Although it’s not entirely a guitar-driven effort, there’s no discounting the contribution made by every stirring string salvo in the new album Red Air Don’t Care from Go to Space Die. From the gentle introduction we find early on in “Threes Away” to the more sizeable riffage of “Queen D,” there’s undisputedly a metallic element underlying the guitar element in both soft and sterling moments in Red Air Don’t Care, but if you’ve been as hungry for some gritty, six-string-powered intensity beside epic drumming and basslines that serve the part of a vocalist just fine on their own, this might be the album you’ve been waiting for.
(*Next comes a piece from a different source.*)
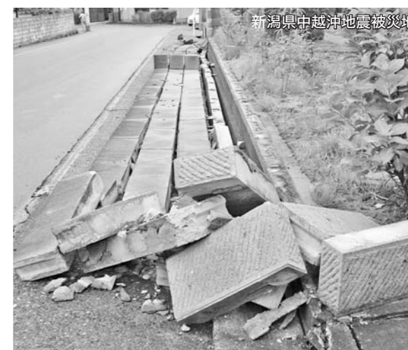
新潟県中越沖地震被災地

補助額…撤去にかかる費用と撤去するブロック塀の延長に基準額（1mあたり8,900円）をかけたものとを比較して、いずれか少ない額の2分の1以内（1敷地につき上限50,000円）

Go to Space Die is a side project, true, but it doesn’t feel like a one-off in this LP at all.
Rhythm is key to defining the narrative in “Air and Land,” “Way Up,” “Sheets,” and the previously noted “Queen D,” and given the absence of lyrics in this record, I think it’s all the more important to appreciate the effect that both tempo and the urgency of the instrumentation have on the mood of every song here. There’s a balance to the music that isn’t born of experimentalism alone; Go to Space Die is thoughtfully assembling the material as a suite of songs meant to be heard in a single sitting, which requires a lot more than the lashing attitude of a punk rocker, improvisational player, or anyone else normally known for rejecting the rulebook in any circumstances.
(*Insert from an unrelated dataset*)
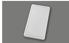
> Weblink 40.001.277.00 / CHF 151.- Chopping board, made of plastic

Listen to Red Air Don’t Care below
The depth of the storytelling in Red Air Don’t Care isn’t being shaped by the production quality, but I would be lying if I said the crystal clear audio we’re treated to in songs like “Spring Ahead” and “Jumpinthelake” didn’t make me dig the music here even more. There’s no searching for detail in this piece, because it’s already been fleshed out and presented at the forefront of the mix. It’s easy to see where a singer would have come in between the essence of this songcraft and the audience it was designed specifically for, and those who have an especially strong taste for instrumental music are likely to find this LP just about as addictive as any other vice you’d find from one continent to the next.
Go to Space Die submits a rather mind-blowingly meticulous and melodically charged offering in Red Air Don’t Care, and if you haven’t already given it a listen, I think you would be doing yourself a great disservice to avoid it this winter season. Taking inspiration from as much post-metal as it does some of the more avant-garde progressive works you could find in indie rock nowadays, Red Air Don’t Care doesn’t attempt to blind us with virtuosity nor pose like it’s a work of art not tethered to the foundations of raw rock n’ roll music. This is about expressing in the truest form that a musician plugged into amplifiers or sitting behind a set of drums can produce, and it’s definitely a winner in my book.